The point of this, in constructing a model of news, is we don't have access to a perfect account of what really happened. We have at best access to multiple contested accounts. How much can we trust them?

Among the trust issues on the Internet are
  1. Is this user who they say they are?
  2. Is this user one of many 'sock puppets' operated by a single entity?
  3. Is this user generally truthful?
  4. Does this user have an agenda?

Clues to trustworthiness

I wrote in the CollabPRES essay about webs of trust. I still think webs of trust are the best way to establish trustworthiness. But there have to be two parallel dimensions to the web of trust: there's 'real-life' trustworthiness, and there's reputational - online - trustworthiness. There are people I know only from Twitter whom nevertheless I trust highly; and there are people I know in real life as real people, but don't necessarily trust as much.

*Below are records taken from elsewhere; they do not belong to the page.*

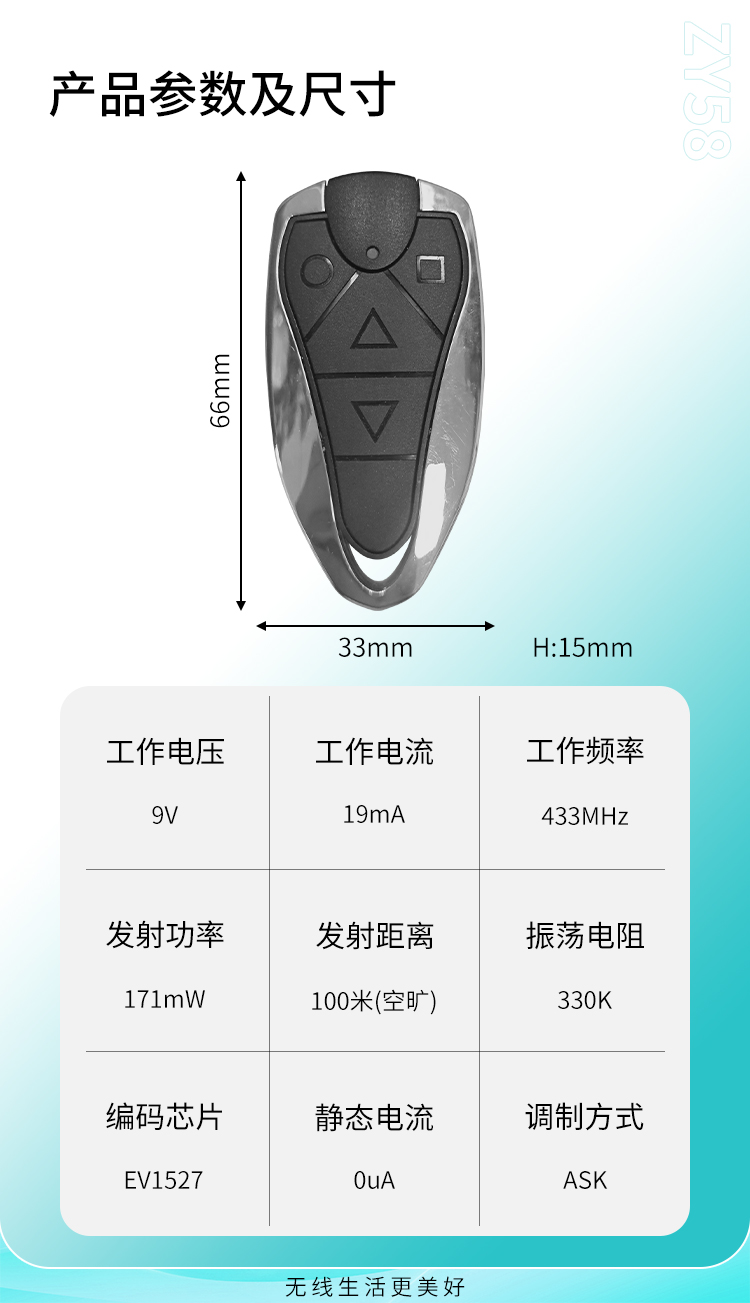 ZY58-5是一款具有5个触发按键的91短视频版在线观看免费遥控器,可以跟本公司的接收模块与控制器配套使用;也可以单独为客户91短视频下载色版APP,ZY58-591短视频版在线观看免费遥控器,具有可靠性高、频率稳定、穿透能力强等特点;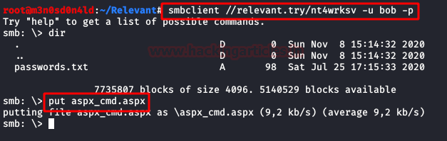 We upload a “aspx_cmd.aspx“, this is a webshell for execute commands from browser.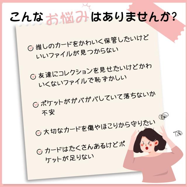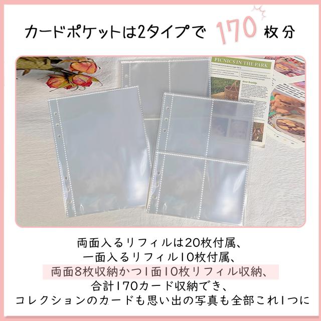 | 【カードポケットは2タイプで170枚分】 | 両面入るリフィルは20枚付属、一面両面入るリフィルは10枚付属。8枚収納ポケットかつ10枚1面収納ポケットでコレクションのカードも思い出の写真も全部これ1つに! |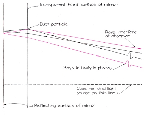 In nearly all standard examples of interference the numerical labels for the bright fringes increase with distance from the center of the pattern. The interference pattern from the dusty mirror is an exception, at least in principle. If the bright rings still farther from the center of the pattern could be seen, their order would begin to decrease. The reason is that when two rays return to the observer from a point relatively far from the perpendicular line, they have traveled almost equal distances. The phase difference between them is therefore smaller than the difference between the rays of another pair scattering from a particle somewhat closer to the line. Unfortunately the rings where the numerical sequence reverses cannot be observed in an ordinary mirror. The width of the interference rings also varies with distance from the center of the pattern, narrowing at first and then (too far from the center to be observed normally) widening. The width of a ring for any particular order of interference depends on several factors. The ring is larger for a longer wavelength, for a larger index of refraction of the glass in the mirror and for a thinner mirror. The width also depends on the relation between the distance of the light source from the mirror and the distance of the observer from the mirror. Why do a pair of rays participating in the creation of an interference pattern scatter from the same particle? A ray from one particle could interfere with a ray from another, but the interference would not contribute to a composite pattern. The scattering of light from a particle causes a shift in the phase of the light that depends on the size and shape of the particle. If two rays scatter from the same particle, the phase shift is the same. The phase difference then depends only on the geometric relations of the light source, the observer and the particle.

If I know someone in real life, I can answer the question 'is this person who they say they are'. If the implementation of the web of trust allows me to tag the fact that I know this person in real life, then, if you trust me, then you have confidence this person exists in real life.

Obviously, if I don't know someone in real life, then I can still assess their trustworthiness through my evaluation of the information they post, and in scoring that evaluation I can allow the system to model the degree of my trust for them on each of the different subjects on which they post. If you trust my judgement of other people's trustworthiness, then how much I trust them affects how much you trust them, and the system can model that, too.

Alleged follower network of Twitter user DavidJo52951945,
alleged to be a Russian sock-puppet
However, the web of trust has limits. If thirty users of a system all claim to know one another in real life, but none (or only one) of them are known in real life by anyone outside the circle, they may be, for example, islanders on a remote island. But they may also all be sock-puppets operated by the same entity.

Also, a news system based in the southern United States, for example, will have webs of trust biased heavily towards creationist worldviews. So an article on, for example, a new discovery of a dinosaur fossil which influences understanding of the evolution of birds is unlikely to be scored highly for trustworthiness on that system.

I still think the web of trust is the best technical aid to assessing the trustworthiness of an author, but there are some other clues we can use.

Alleged posting times of DavidJo52951945
There is an interesting thread on Twitter this morning about a user who is alleged to be a Russian disinformation operative. The allegation is based (in part) on the claim that the user posts to Twitter only between 08:00 and 20:00 Moscow time. Without disputing other elements of the case, that point seems to me weak. The user may be in Moscow; or may be (as he claims) in Southampton, but a habitual early riser.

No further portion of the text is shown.